If the number of references of piecemeal described in described Hash fingerprint base is greater than described threshold value and number of copies is less than described threshold value, judge whether the information of described piecemeal is present in concordance list;

If the information of described piecemeal is present in described concordance list, call node assigning process, to select underload node;

Described piecemeal is stored in described underload node;

Upgrade the information of piecemeal described in described concordance list;

The number of references of piecemeal described in described Hash fingerprint base is added to 1.

2. optimization method according to claim 1, it is characterized in that, also comprise step: if the Hash fingerprint of described piecemeal is not present in described Hash fingerprint base, call node assigning process, to select underload node, described piecemeal is stored in described underload node, the information of described piecemeal is added in described Hash fingerprint base.

3. optimization method according to claim 1, it is characterized in that, also comprise step: if the number of references of piecemeal described in described Hash fingerprint base is not more than threshold value and number of copies is not less than described threshold value, enter the described number of references by piecemeal described in described Hash fingerprint base and add 1 step.

4. optimization method according to claim 1, it is characterized in that, also comprise step: if the information of described piecemeal is not present in described concordance list, the information of described piecemeal is added in described concordance list, and described in entering, call node assigning process, to select the step of underload node.
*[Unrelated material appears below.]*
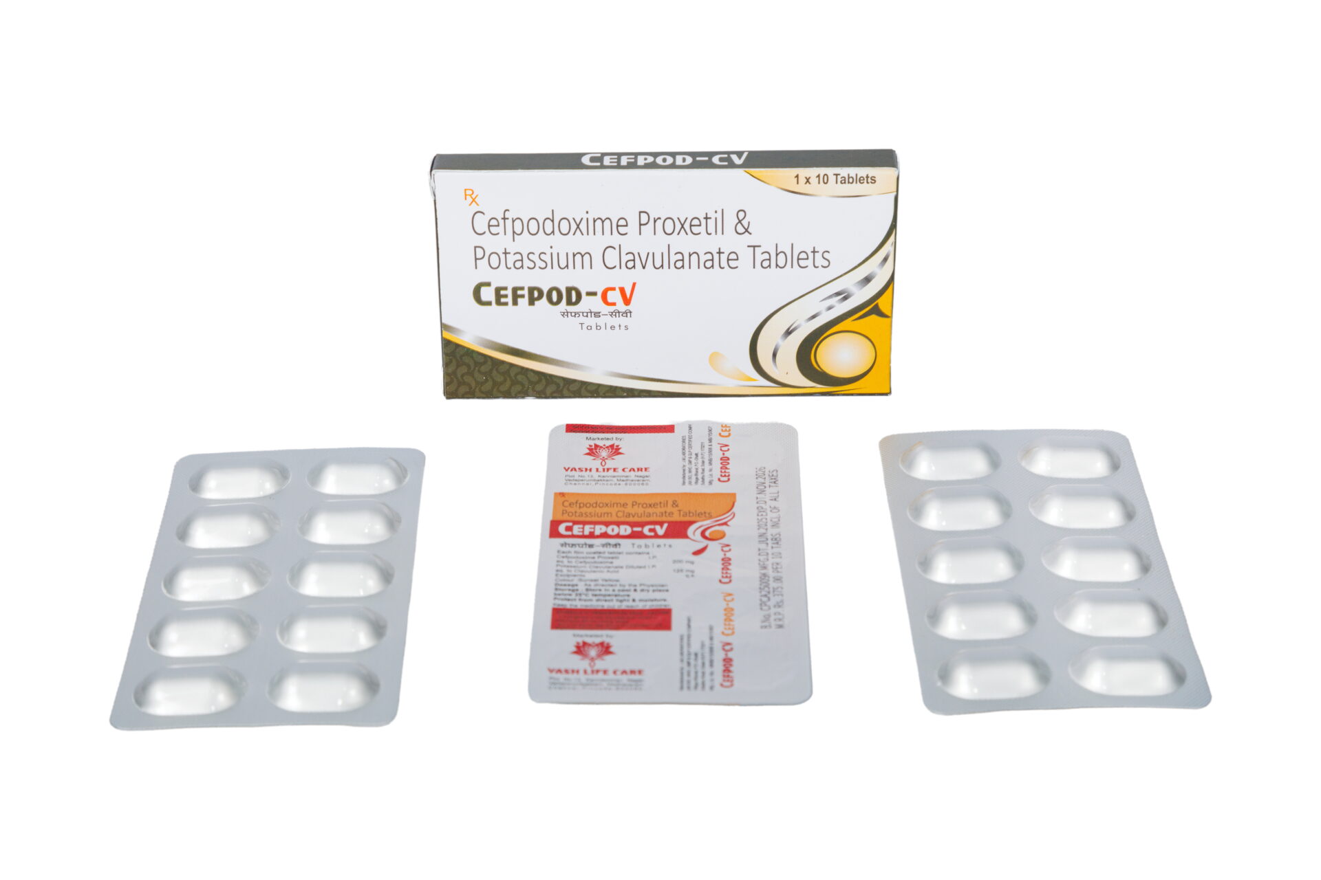 Cefpod-CV Tablets : A combination of two medicines: Cefpodoxime Proxetil and Clavulanic Acid. Cefpodoxime Proxetil is an antibiotic. It works by preventing the formation of the bacterial protective covering which is essential for the survival of bacteria. Clavulanic Acid is a beta-lactamase inhibitor which reduces resistance and enhances the activity of Cefpodoxime Proxetil against bacteria.

5. optimization method according to claim 1, is characterized in that, described in call node assigning process, to select the step of underload node to comprise:

Judge whether current idle load queue is empty;

If described current idle load queue is empty, judge whether current underload queue is empty;

If described current underload queue is empty, judge whether current heavy duty queue is empty;

If described current heavy duty queue is empty, judge whether current sleep queue is empty;

If described current sleep queue is not empty, wake the memory node in dormant state up;

The system of sending is without the notice of available underload node.

6. optimization method according to claim 5, it is characterized in that, the described node assigning process that calls, take and select the step of underload node also to comprise: if described current idle load queue is not sky, memory allocated space on first memory node of described current idle load queue.
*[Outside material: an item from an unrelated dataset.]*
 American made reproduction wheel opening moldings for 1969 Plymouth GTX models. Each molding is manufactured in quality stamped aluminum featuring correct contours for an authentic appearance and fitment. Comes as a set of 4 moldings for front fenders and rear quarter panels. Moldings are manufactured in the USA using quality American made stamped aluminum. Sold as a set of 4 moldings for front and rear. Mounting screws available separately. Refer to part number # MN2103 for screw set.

7. optimization method according to claim 5, it is characterized in that, the described node assigning process that calls, take and select the step of underload node also to comprise: if described current underload queue is not sky, memory allocated space on first memory node in described current underload queue.

8. optimization method according to claim 5, it is characterized in that, the described node assigning process that calls, take and select the step of underload node also to comprise: if described current heavy duty queue is as empty, described in entering, send system without the step of the notice of available underload node.

9. optimization method according to claim 5, it is characterized in that, the described node assigning process that calls, take and select the step of underload node also to comprise: if described current dormancy load queue is as empty, described in entering, send system without the step of the notice of available underload node.

10. optimization method according to claim 1, is characterized in that: the information of described piecemeal comprises Hash fingerprint, number of references and the address of described piecemeal.